Gold’s Pullback Is Temporary — Analysts Still See $3,000 Target

Gold remains positioned for further gains despite retreating from February’s peak of $2,954 per ounce. Many market observers continue to view the recent pullback as temporary and still expect gold to test the $3,000 level.

Financial analyst Jesse Colombo, known for forecasting the last major financial crisis, attributes the recent dip mainly to a stronger U.S. dollar rather than any fundamental weakness in gold itself. He notes that gold has held up much better when priced in euros, underscoring the currency-driven nature of the correction.

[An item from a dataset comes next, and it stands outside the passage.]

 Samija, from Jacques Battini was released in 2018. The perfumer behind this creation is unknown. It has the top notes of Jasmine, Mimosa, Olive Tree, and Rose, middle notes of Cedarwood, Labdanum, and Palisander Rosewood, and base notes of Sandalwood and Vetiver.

The primary drivers behind gold’s robust performance in February are still intact. Tariff plans announced by the Trump administration—targeting China, Mexico, Canada and the European Union—have increased global economic uncertainty and encouraged investors to seek safe-haven assets like gold.

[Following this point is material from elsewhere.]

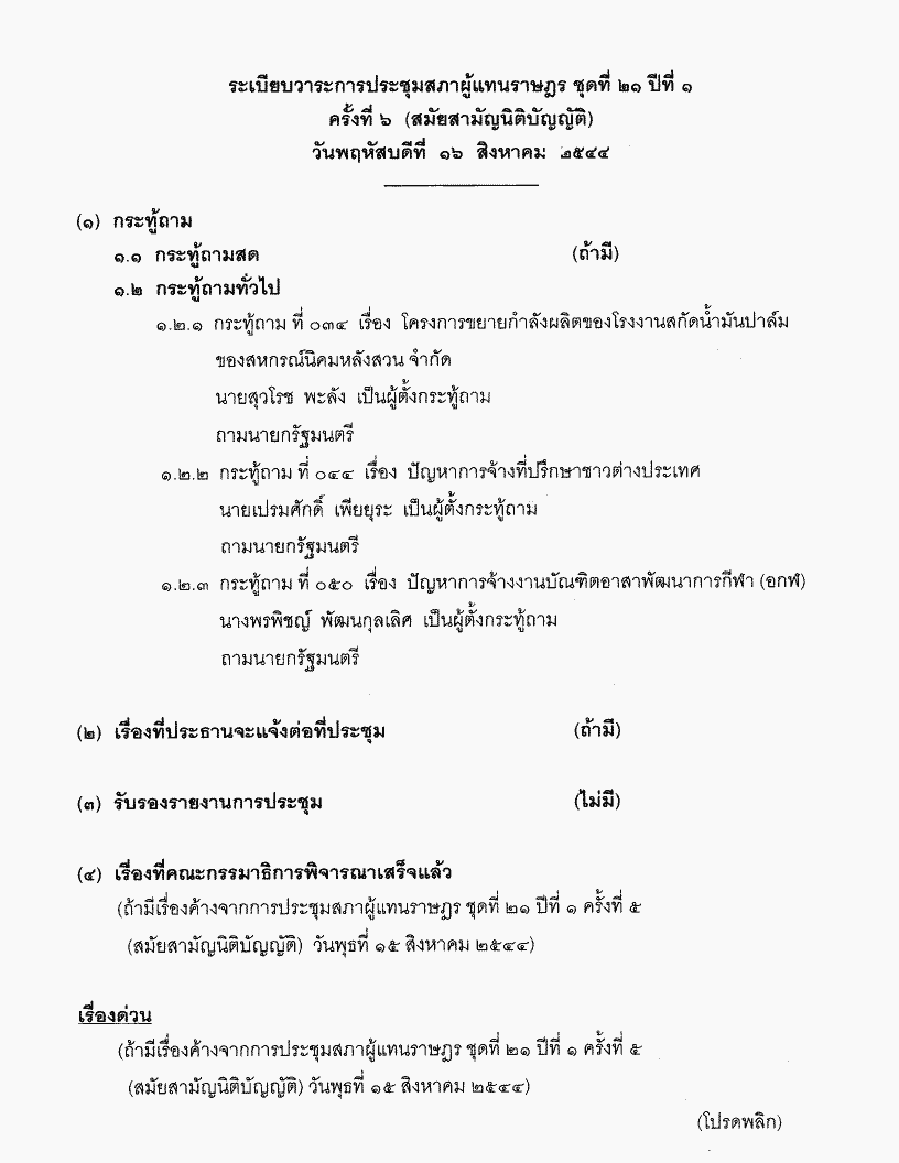 • ระเบียบวาระการประชุมสภาผู้แทนราษฎร ชุดที่ 21 ปีที่ 1 ครั้งที่ 6 (สมัยสามัญนิติบัญญัติ) วันพฤหัสบดีที่ 16 สิงหาคม พ.ศ. 2544

Developments in the Russia-Ukraine peace negotiations are also affecting sentiment. Analyst Ajay Kedia says the pullback in prices partly reflects a lower “war premium” after apparent progress in talks. However, Kedia cautions that if negotiations fail to produce a clear path to lasting peace, the $3,000 target remains achievable.

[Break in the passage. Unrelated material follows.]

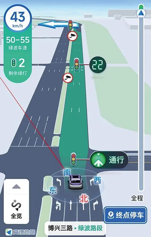 7月25日,記者駕車到公安部道路交通安全研究中心采訪。當(dāng)日9時(shí)53分,當(dāng)車輛行駛到北京經(jīng)濟(jì)技術(shù)開發(fā)區(qū)博興三路時(shí),車載電子導(dǎo)航語音提示:“前方進(jìn)入綠波路段,按照時(shí)速50公里至55公里,可連續(xù)通行三個(gè)路口。”記者按照提示,果然所到路口都是綠燈,順利通過。
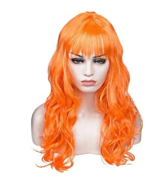 Turuncu Renk Astarlı Dalgalı Kesim Parti Peruğu

Physical demand for gold continues to be strong. Singapore-based dealer Bullionstar reports unprecedented interest in large gold bars from suppliers, contributing to supply constraints as both retail and institutional buyers increase purchases.

In summary, the recent decline in gold prices looks largely driven by currency moves and evolving geopolitical optimism rather than a weakening of underlying demand or fundamentals. With trade tensions, geopolitical risks and steady physical demand still in play, many analysts remain bullish on gold’s prospects toward $3,000 per ounce.